Financial market action is again depressing commodities. Fresh concerns about the stability of European Monetary Union sent the dollar higher again this morning, while big energy losses triggered big stock market losses. Those developments also seem to hold negative economic portents, which probably exaggerated selling across the commodity sector. Corn certainly wasn’t immune. May corn futures fell 6.25 cents to $3.8225/bushel late Friday morning, while December lost 5.0 to $4.0675.

Talk of surging South American supplies added to Friday morning soy losses. In contrast to overnight grain strength, talk of Brazilian harvest progress weighed on soybeans and meal overnight. Thus, it was terribly surprising to see them lead the crop markets lower as the financial markets triggered commodity selling this morning. Oil proved surprisingly firm last night, but couldn’t avoid the bearish spillover. May soybean futures dove 15.0 cents to $9.755/bushel around midsession Friday, while May soyoil dropped 0.40 cents to 30.47 cents/pound, and May meal sank $4.2 to $327.4/ton.

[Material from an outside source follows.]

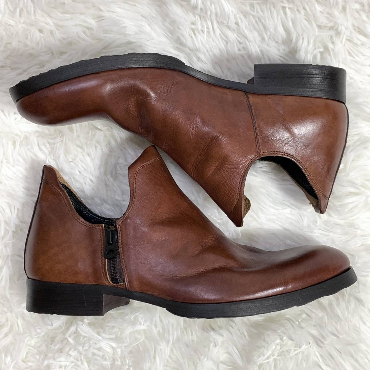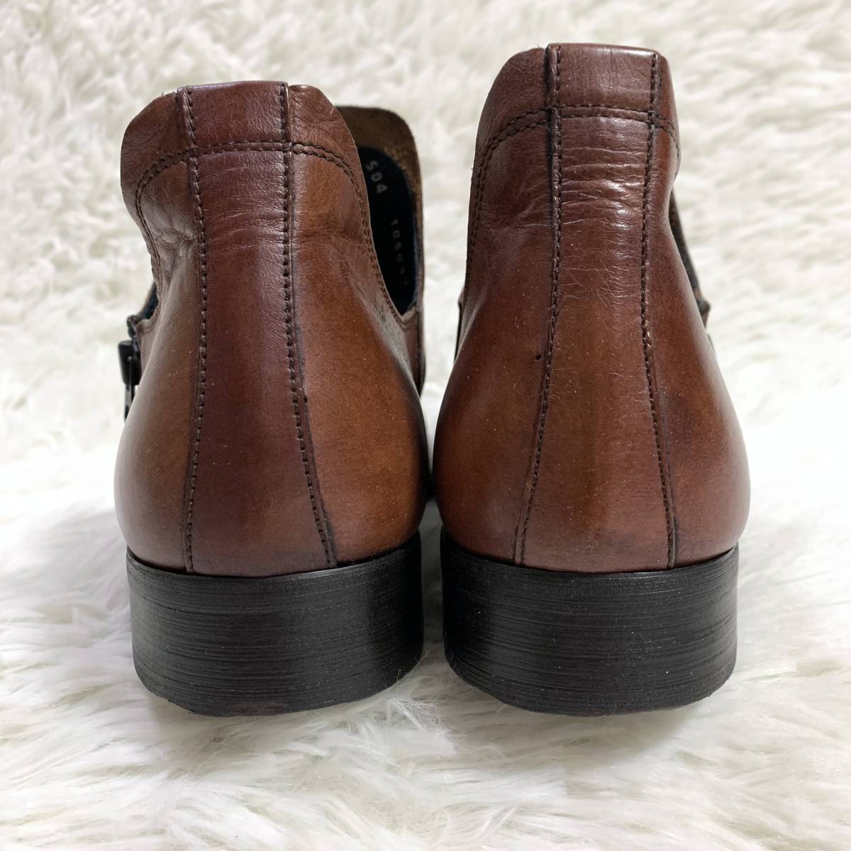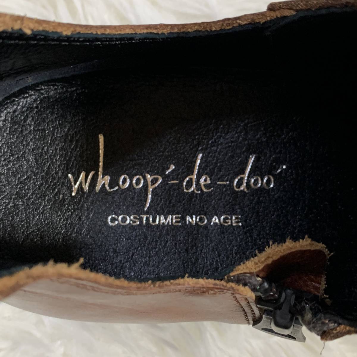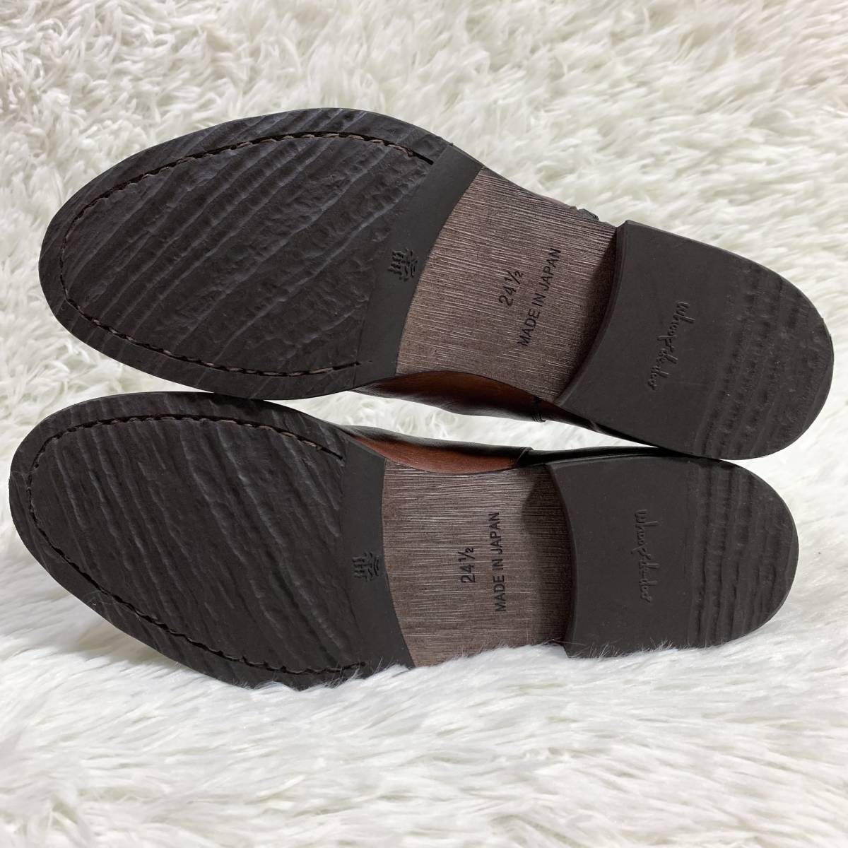 【試着程度】whoop'-de-doo' フープディドゥ シャーリングスリッポン 105031 サイドジップレザーシューズ 日本製 ダークブラウン 茶 24.5

The wheat markets couldn’t sustain weather driven gains. Talk of potential weather problems for the U.S. winter wheat crops boosted those markets again overnight. However, bullish couldn’t sustain those gains in the face of the broad stock and commodity decline experienced this morning. May CBOT wheat slumped 6.25 cents to $5.01/bushel as the lunch hour loomed Friday, while May KC wheat dipped 6.75 cents to $5.5975/bushel, and May MWE wheat slipped 2.0 to $5.675.

Cattle futures couldn’t buck the bearish Friday morning trend. Cash cattle prices rose last week and producers reportedly passed on steady bids this morning, thereby seeming to confirm mid-week expectations for cash gains. However, CME futures continued struggling, with today’s financial market developments apparently further exacerbating demand concerns triggered by this week’s news of export bans based on the latest ‘bird flu’ outbreak. April cattle futures drooped 1.05 cents to 154.75 cents/pound in late Friday morning action, while August cattle declined 0.65 cents to 143.97 cents/pound. Meanwhile, April feeder cattle futures plunged 1.75 cents to 211.15 cents/pound, and August feeders plummeted 1.57 to 211.10.

The financial market action is exaggerating demand pork demand fears. The hog and pork industry certainly appears to be facing weak demand at this point, especially when current conditions are compared to those seen at this same time last year. Export issues, cold weather and now bird flu and economic concerns are adding to the pressure. April hog futures fell 0.65 cents to 61.65 cents/pound just before lunchtime Friday, while June hogs tumbled 1.10 to 74.67.

Cotton futures reacted poorly to the prospect of weak demand. The cotton market seemed set to end the week on a firm note after nearby futures bounced from support around the pivotal 60-cent level at midweek. However, the negative demand implications of the surging dollar and tumbling equities dragged fiber values lower as well this morning. May cotton sagged 0.60 cents to 60.629 cents/pound shortly before noon (EDT) Friday, while December futures slid 0.57 to 62.66.